=== Section Start ===

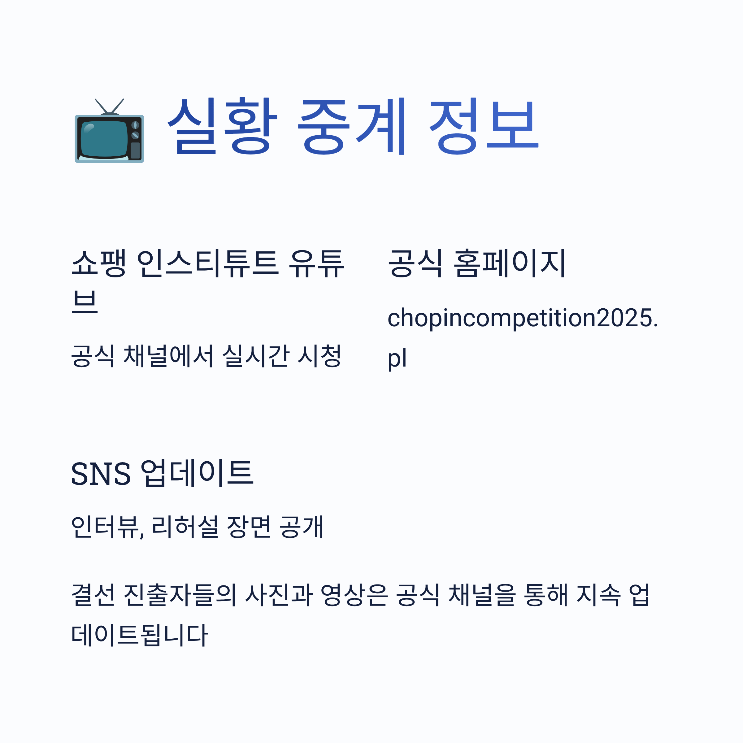 | 📍 중계 | 공식 유튜브 · 쇼팽 인스티튜트 홈페이지 · 포럼 생중계 |
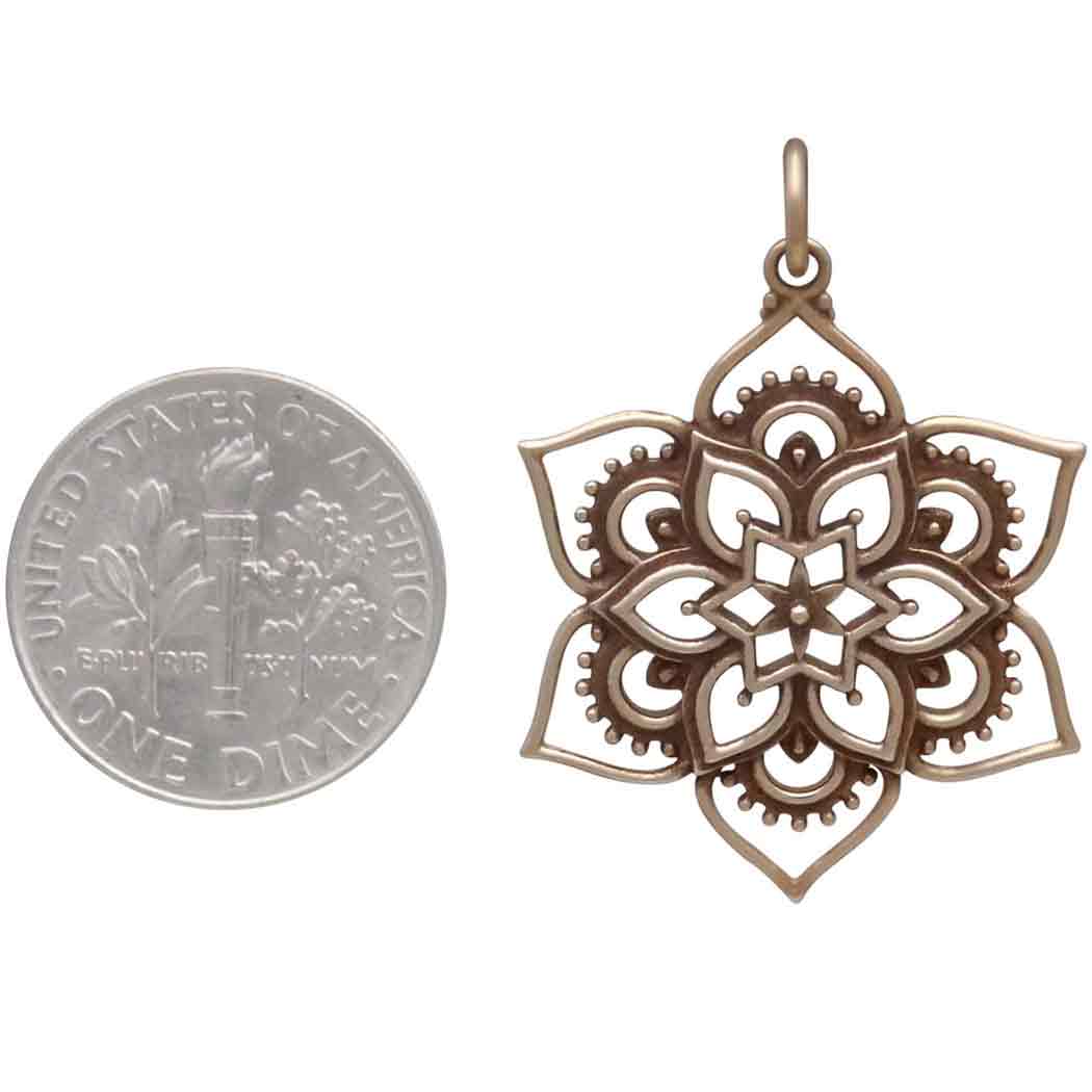 Consider this bronze openwork lotus mandala a symbol of wholeness, meditation, and healing. In this many petaled flower charm, the lotus becomes a mandala - a visually appealing, overlapping, geometric form that helps quiet chattering thoughts, appeasing the spirit. From its center to its rim, this mandala's symmetry and beauty is exquisite.
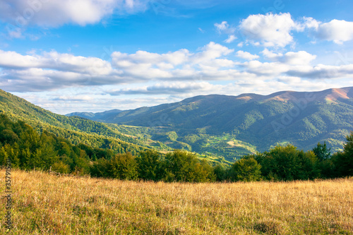 autumn landscape in evening light. trees and grass on the hillsside meadow. rural valley and mountain ridge in the distance beneath a blue sky with clouds
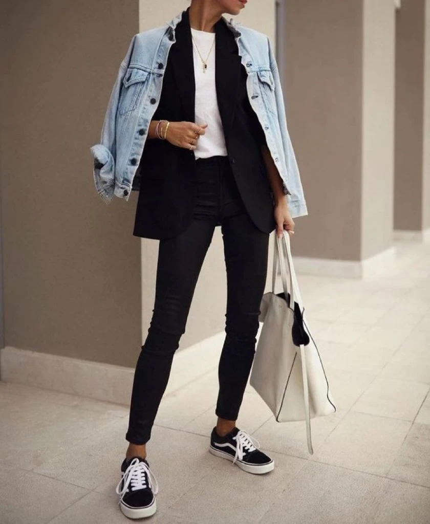 - Si queremos usar zapatillas por comodidad o para estar a la moda, que nada nos limite. Si usamos pantalones con zapatillas lo ideal es que sean rectos si tenemos una altura media. Si superamos el metro setenta podemos usar más modelos de pantalón con zapatillas, el truco es que las zapatillas sean del mismo color o parecido al jean, así no acortamos tanto las piernas.
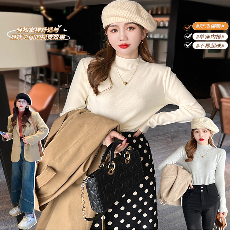 打底毛衣女内搭高级感秋冬季2025年新款爆款半高领针织衫灰色上衣
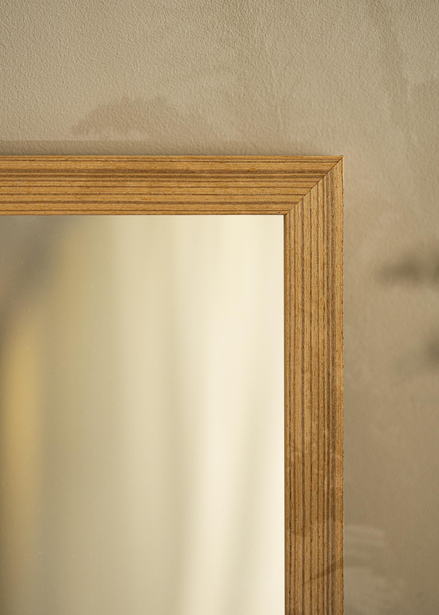 Rám zrkadla má šírku 28 mm a hĺbku 33 mm, čo zabezpečuje stabilný a robustný pocit. Vyrobené z borovice, toto zrkadlo ponúka trvácnosť, ktorá pretrváva časom. Vyznačená štruktúra rámu vytvára živú hĺbku a dodáva taktilný rozmer, ktorý robí, že zrkadlo pôsobí živo a dynamicky.
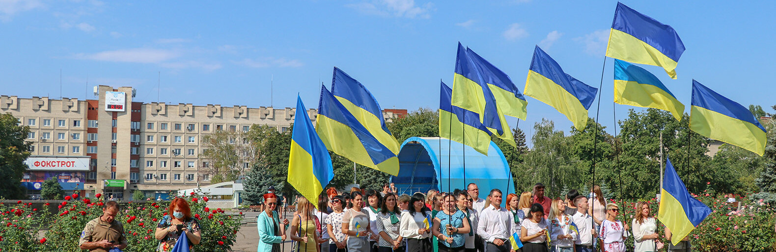 Близько 9.45 у центрі міста почали збиратися люди. У руках вони тримали українські прапори. Приблизно о 10.00 біля фонтана "Садко" на флагшток підняли прапор України 0542.ua »
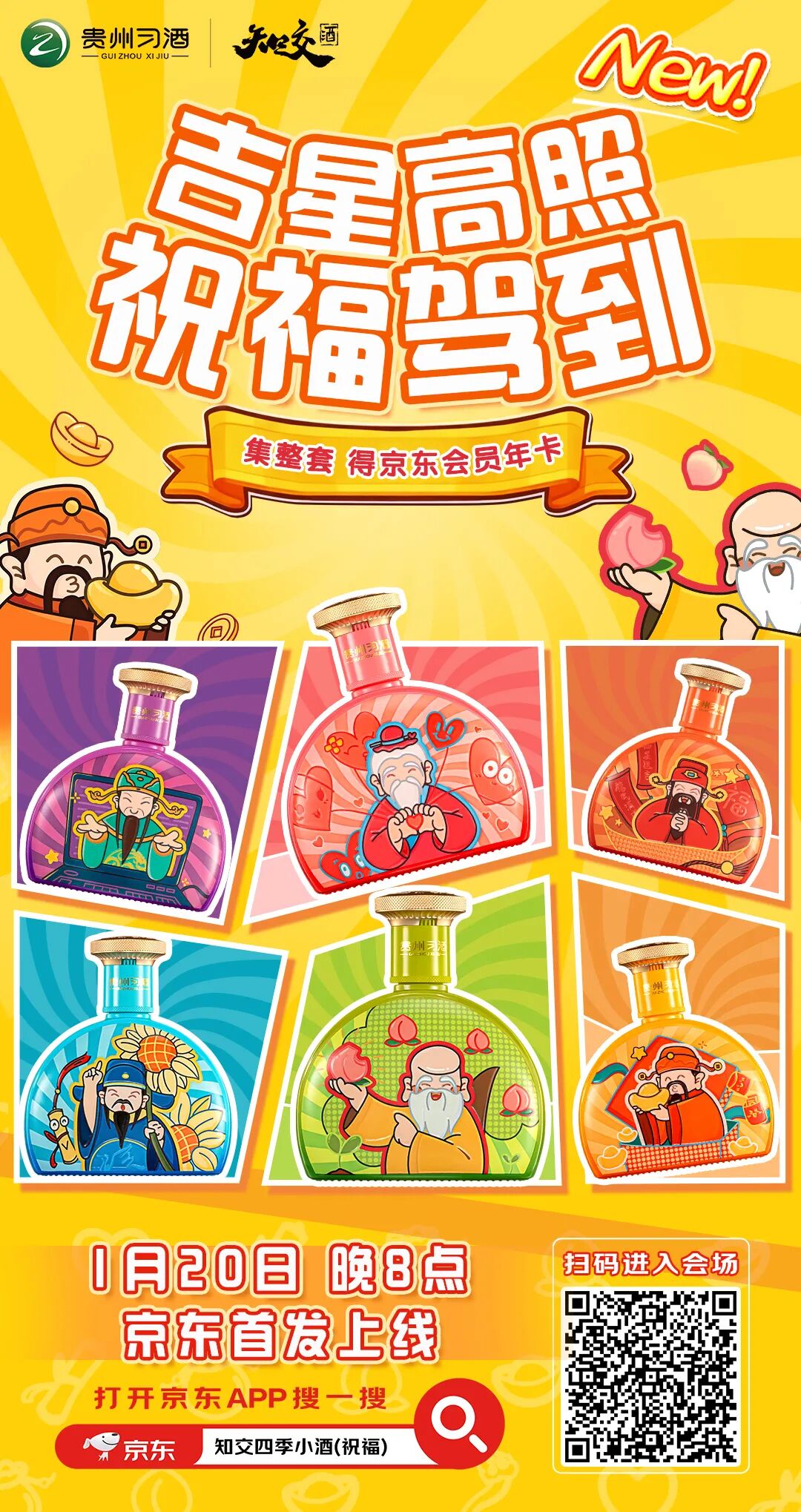 马年将至,知交四季小酒(祝福)也即将上市。这款小酒包含6种款式,以“福、禄、寿、喜、财、文”六位吉星形象塑造。以吉为核,将“四季流转 福禄相伴”祝福融入酒中,适配“轻量祝福”场景。
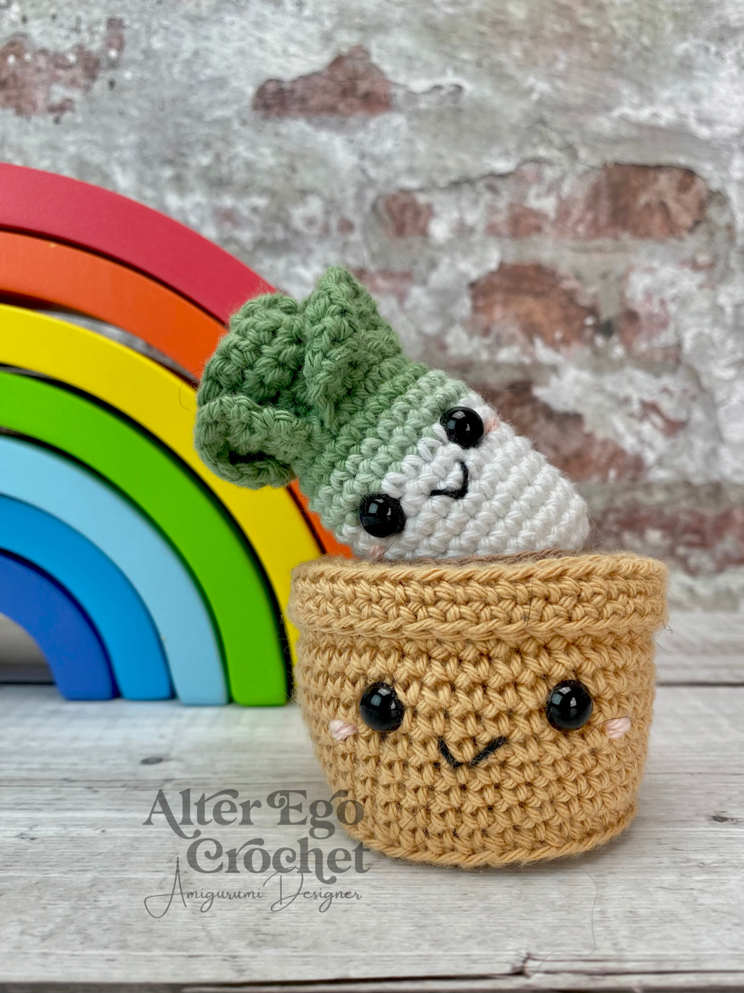 Porre i potte bliver 8,5 cm (porre 7 cm og potte 4 cm) hvis du bruger samme garn og hæklenål som mig. Du kan sagtens bruge en anden nål og andet garn, hvis han skal være større eller mindre.

=== Section End ===

EXERCISE AIM:
From the records above, write out exactly the lines that begin at the line with "autumn landscape in" and end at the line with "打底毛衣女内搭高级感秋冬季2025年新款爆款半高领针织衫灰色上衣". Pictures must not appear in the output.

EXERCISE RESPONSE:
 autumn landscape in evening light. trees and grass on the hillsside meadow. rural valley and mountain ridge in the distance beneath a blue sky with clouds
 - Si queremos usar zapatillas por comodidad o para estar a la moda, que nada nos limite. Si usamos pantalones con zapatillas lo ideal es que sean rectos si tenemos una altura media. Si superamos el metro setenta podemos usar más modelos de pantalón con zapatillas, el truco es que las zapatillas sean del mismo color o parecido al jean, así no acortamos tanto las piernas.
 打底毛衣女内搭高级感秋冬季2025年新款爆款半高领针织衫灰色上衣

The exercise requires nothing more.